Brown the meat: Heat oil in a large skillet over medium-high.
Add the ground meat, season with a pinch of salt and pepper, and cook, breaking it up, until no longer pink and lightly browned, about 5–7 minutes. Drain excess fat if needed.
Sauté the aromatics: Push the meat to one side. Add onion and pepper to the empty space and cook 3–4 minutes until softened.
Stir in the garlic and cook 30 seconds until fragrant.
Build the sauce base: Stir in tomato paste and cook 1 minute to caramelize it slightly. This step deepens the flavor and avoids raw tomato taste.
Add liquids and season: Pour in tomato sauce, Worcestershire, mustard, apple cider vinegar, and your sweetener. Sprinkle in smoked paprika and chili powder.
Stir well to combine.
Simmer to thicken: Reduce heat to medium-low and let it bubble gently for 8–12 minutes, stirring occasionally, until the mixture thickens and looks glossy. Taste and adjust salt, pepper, and sweetness.

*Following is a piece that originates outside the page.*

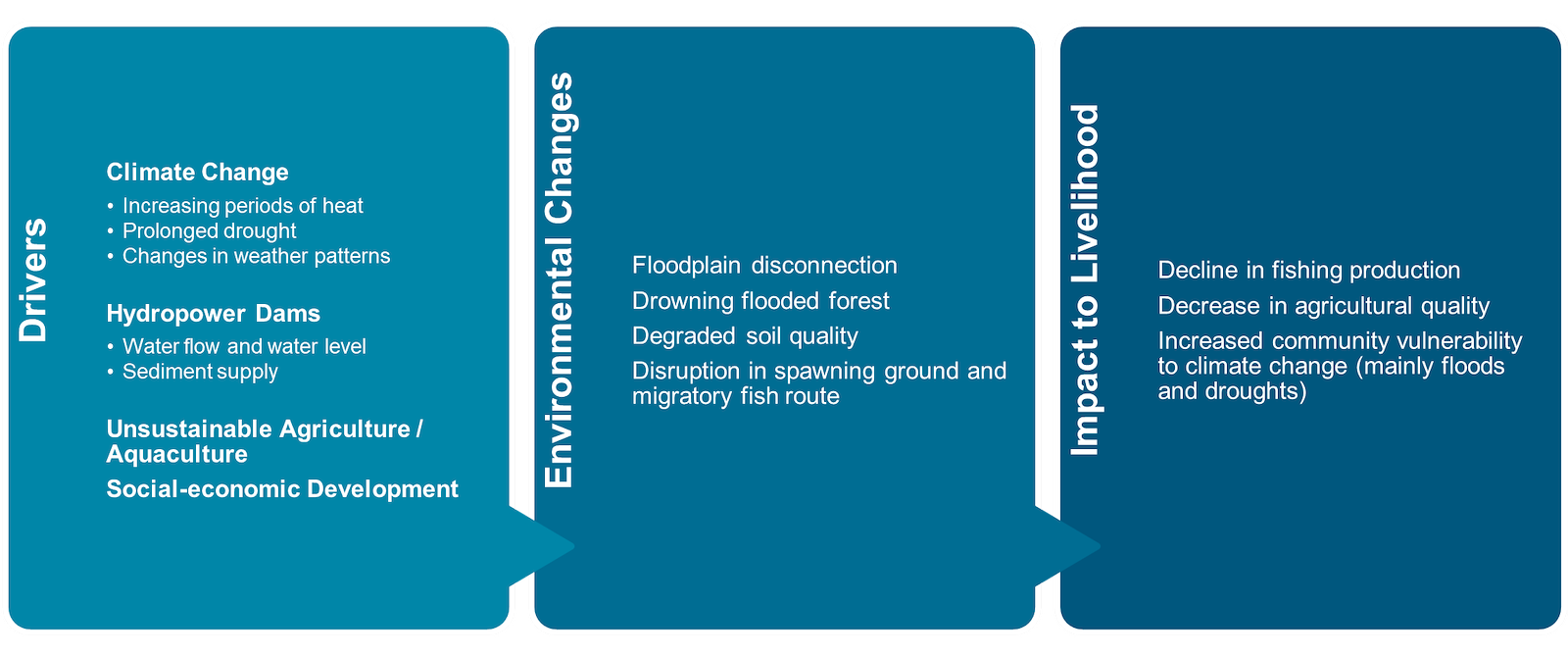 Despite its importance, the Mekong River faces various threats from the increased construction of hydropower dams, land use changes, and unsustainable livelihood practices that disturb biodiversity and riverine ecosystem. Additionally, climate change has impacted the Asian monsoon, leading to more frequent and severe floods and droughts. These events devastate crops and aquatic ecosystems, causing significant disruptions to rural livelihoods.

Toast the buns: While the filling simmers, lightly toast gluten-free buns in a dry skillet or under the broiler. This adds structure and prevents sogginess.
Assemble and serve: Spoon the Sloppy Joe mixture onto buns.
Add optional toppings like pickles or a sprinkle of cheddar. Serve hot with a simple side salad or sweet potato fries.